William Odom
Lieutenant General William E. Odom, U.S. Army (Ret.), a frequent contributor to NiemanWatchdog, died May 30, 2008, apparently of a heart attack. Odom in recent years had been an aggressive critic of the U.S. invasion of Iraq and was one of the first to call for removing American troops from Iraq. For many years a highly popular professor at Yale, he had been director of the National Security Agency (NSA) under President Reagan from 1985 to 1988. Starting in February 2008 Odom was a senior adviser at the Center for Strategic and International Studies in Washington. Previously had been a Senior Fellow at the Hudson Institute.
As NSA Director, Odom was responsible for the nation's signals intelligence and communications security. From 1981 to 1985, he served as Assistant Chief of Staff for Intelligence, the Army's senior intelligence officer.
From 1977 to 1981, General Odom was Military Assistant to the President's Assistant for National Security Affairs, Zbigniew Brzezinski. As a member of the National Security Council staff, he worked upon strategic planning, Soviet affairs, nuclear weapons policy, telecommunications policy, and Persian Gulf security issues. He graduated from the United States Military Academy in 1954, and received a Ph.D. from Columbia University in 1970.
General Odom’s latest book, America’s Inadvertent Empire, co-authored with Robert Dujarric, was published in early 2004 by Yale University Press. His previous book, Fixing Intelligence For a More Secure America, was published in January 2003 (Yale University Press). His book, The Collapse of the Soviet Military (Yale University Press, 1998), won the Marshall Shulman Prize. General Odom has also written America's Military Revolution: Strategy and Structure After the Cold War (American University Press, 1993); Trial After Triumph: East Asia After the Cold War (Hudson Institute, 1992); On Internal War: American and Soviet Approaches to Third World Clients and Insurgents (Duke University Press, 1992); and The Soviet Volunteers (Princeton University Press, 1973). He coauthored Commonwealth or Empire? Russia, Central Asia, and the Transcaucasus with Robert Dujarric (Hudson Institute, 1995).

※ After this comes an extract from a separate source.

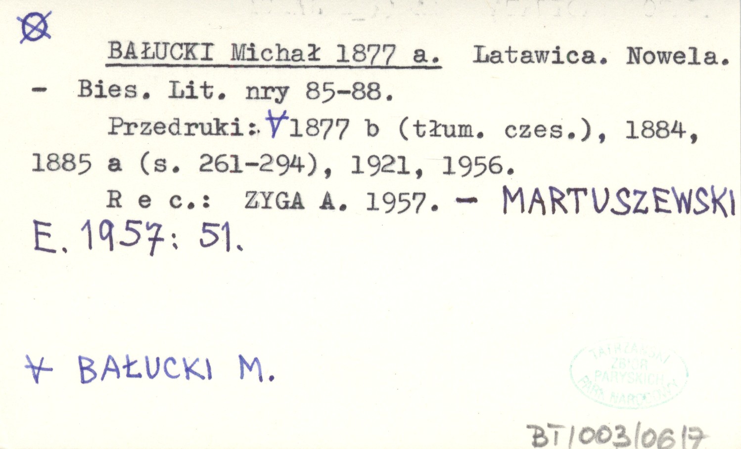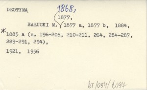 Biesiada Literacka, Nr 85-88. Przedruki: BAŁUCKI M. 1877 b (tłum. czes.), 1884, 1885 a (s. 261-294), 1921, 1956. REC: ZYGA A. 1957 ; MARTUSZEWSKI E. 1957: 51 ;

General Odom published articles in Foreign Affairs, World Politics, Foreign Policy, Orbis, Problems of Communism, The National Interest, The Washington Quarterly, Military Review, and many other publications. A frequent radio and television commentator, he appeared on programs such as "The PBS News Hour," CNN, ABC's "Nightline", NBC News, C-Span, and BBC's "The World Tonight." He also was a periodic contributor to the op-ed pages of The NewYork Times, The Wall Street Journal, The Washington Post, and others.